S&P Global Platts, a leading independent provider of information, benchmark prices, and analytics for the energy and commodities markets, said Thursday the prospects are low for the United States easing crippling sanctions on Venezuela, once one of South America’s most prosperous nations.
“S&P Global Platts Analytics sees low prospects for US sanctions relief while the Biden White House prioritizes other foreign policy issues and as Maduro’s ties with Cuba further complicate the matter for Washington,” Platts said.
Platts Analytics revised down its Venezuelan crude supply forecast by 70,000 b/d for September to end-2022, with production now capped at 600,000 b/d.
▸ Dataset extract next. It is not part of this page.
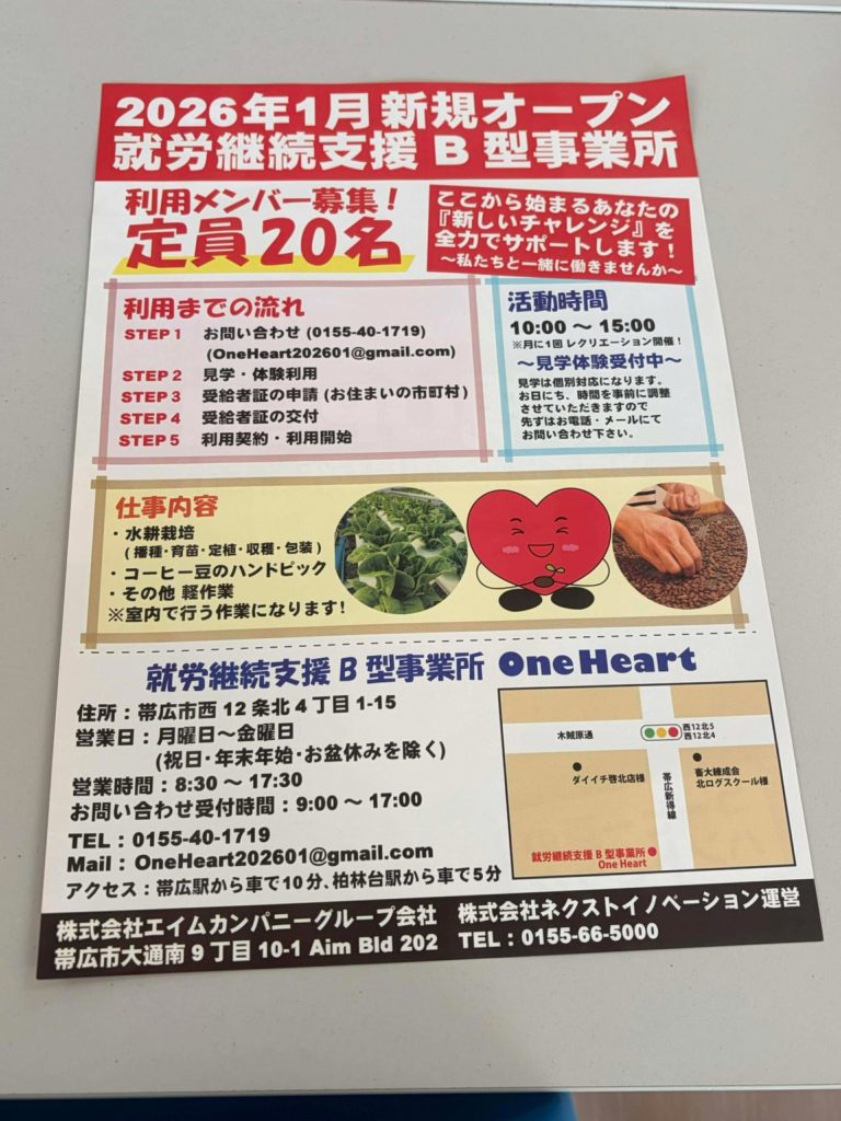 帯広市西12条北4丁目1-15にある「就労継続支援B型事業所 One Heart」から!

An eventual fall to mid-2020 levels of 300,000 b/d would be unsurprising absent sanctions relief, it said.
The S&P Global Platts OPEC survey put June production at 550,000 b/d, up 10,000 b/d month on month.
Venezuela pumped 2.4 million b/d in 2015, before sanctions, mismanagement and widespread power outages decimated its oil sector.
Platts said the U.S. Treasury Department took modest action July 12 to ease the U.S. sanctions, allowing U.S. LPG producers to export supplies to Venezuela, where propane shortages have forced people to cook on wood stoves.
According to Platts, talks between Venezuelan President Nicolas Maduro’s government and his political opposition have been tentatively set for August 13 in Mexico, but analysts are skeptical they can break the country’s stalemate and create conditions for eventual U.S. sanctions relief.
With Venezuela struggling to ramp up its output, Guyana is now well on its way to securing a spot among South America’s biggest producers with a projection of hitting around 1 million barrels of oil per day by 2025. The new oil producing country is on course to become second only to Brazil for output on the continent.